By Rupert Cornwell and Anne Penketh
IndependentMay 6, 2003
American forces in Baghdad have captured Huda Salih Mahdi Ammash, a senior biological weapons scientist who was one of the most wanted members of the ousted regime of Saddam Hussein. Ms Ammash, who was among the 55 most-wanted officials identified in a deck of cards issued to US soldiers, was taken into custody on Sunday, in what was apparently a pre-negotiated surrender. Her detention brings to 19 the number of the 55 who have been caught.

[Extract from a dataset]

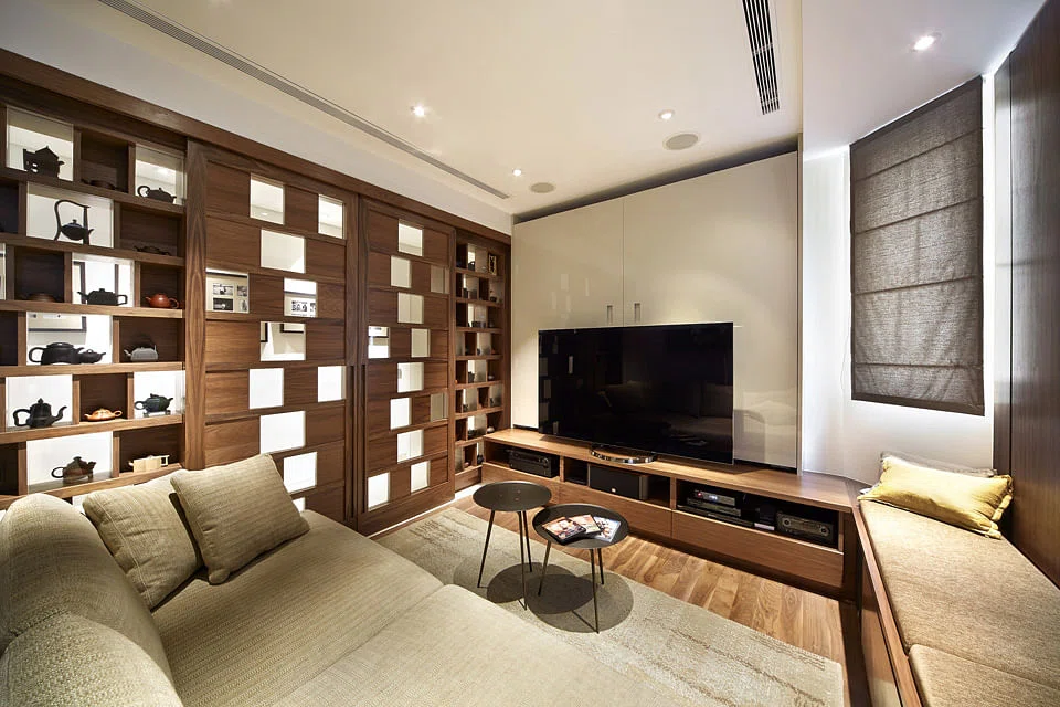 With a bit of creative space planning, Mr Bing also managed to carve out a small study area and an even smaller guest powder room that measures just 1.3 by 1.3 metres. The powder room does, however, have luxurious travertine walls and a high-tech, automated toilet so there have been few complaints from guests so far.

What was unclear was whether she would take Britain and America any closer to finding any of the illicit weapons whose alleged development and possession by Saddam was the primary justification for the war. Other high-ranking Iraqis have denied under interrogation that any such programmes existed in recent years, and US officials are starting to shift ground. They now argue that even if stocks may have been destroyed, Iraq still had the know-how to restart manufacturing at short notice.
President George Bush expressed anger over the weekend that the former deputy prime minister, Tariq Aziz, was refusing to co-operate with US forces since his surrender. Washington also now insists that only with the co-operation of ordinary Iraqis will the weapons, of whose existence the intelligence services sounded so certain, be discovered. United Nations weapons inspectors welcomed the arrest of 49-year old Ms Ammash, who was shown on Iraqi television on 27 March sitting at the same table as Saddam Hussein during a leadership meeting. The date of the recording is not known, however.

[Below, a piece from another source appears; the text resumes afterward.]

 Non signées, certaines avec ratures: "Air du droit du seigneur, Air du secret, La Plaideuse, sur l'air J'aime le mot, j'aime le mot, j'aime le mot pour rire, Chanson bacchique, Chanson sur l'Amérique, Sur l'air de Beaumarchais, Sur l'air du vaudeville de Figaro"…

"Given the fact that she was involved with the top leadership, she is somebody who is quite interesting in terms of the latest thinking in Iraq," said a UN spokesman, Hiro Ueki. "But we won't know until the coalition interrogates her whether she was involved in a clandestine weapons programme or not." Ms Ammash's presence at the meeting with Saddam was taken as a sign that the Iraqi leader was continuing to engage in producing banned weaponry, despite official assertions that all of the country's biological and chemical weapons had been destroyed. Ms Ammash, called "Mrs Anthrax" in the West, is held to have played a senior role in rebuilding Baghdad's biological weapons capability since the 1991 Gulf War.
Born in 1953 in Baghdad, she is the daughter of Saleh Mahdi Ammash, a former vice-president, defence minister and member of the Baath party's leadership. Saddam reportedly ordered his execution in 1983. She was trained by Nassir al-Hindawi, in the past described by UN inspectors as the father of Iraq's biological weapons programme, and both are reputed to be among Iraq's top weapons scientists. Others include Amir al-Saadi, Saddam Hussein's chief scientific adviser and chemical weapons expert who has surrendered to the Allies, and Dr Rihab Taha, a woman called "Dr Germ" by inspectors for her work on biological weapons. Dr Taha is married to the former Iraqi oil minister, Amir Muhammad Rashid, who has been arrested by US forces. Ms Ammash is the only woman who features on the most-wanted list, ranking 53rd out of the 55. In 2001, she became the first and only woman to be elected to the Baath party's regional command, its highest policymaking body, after working closely with Saddam's younger son, Qusay.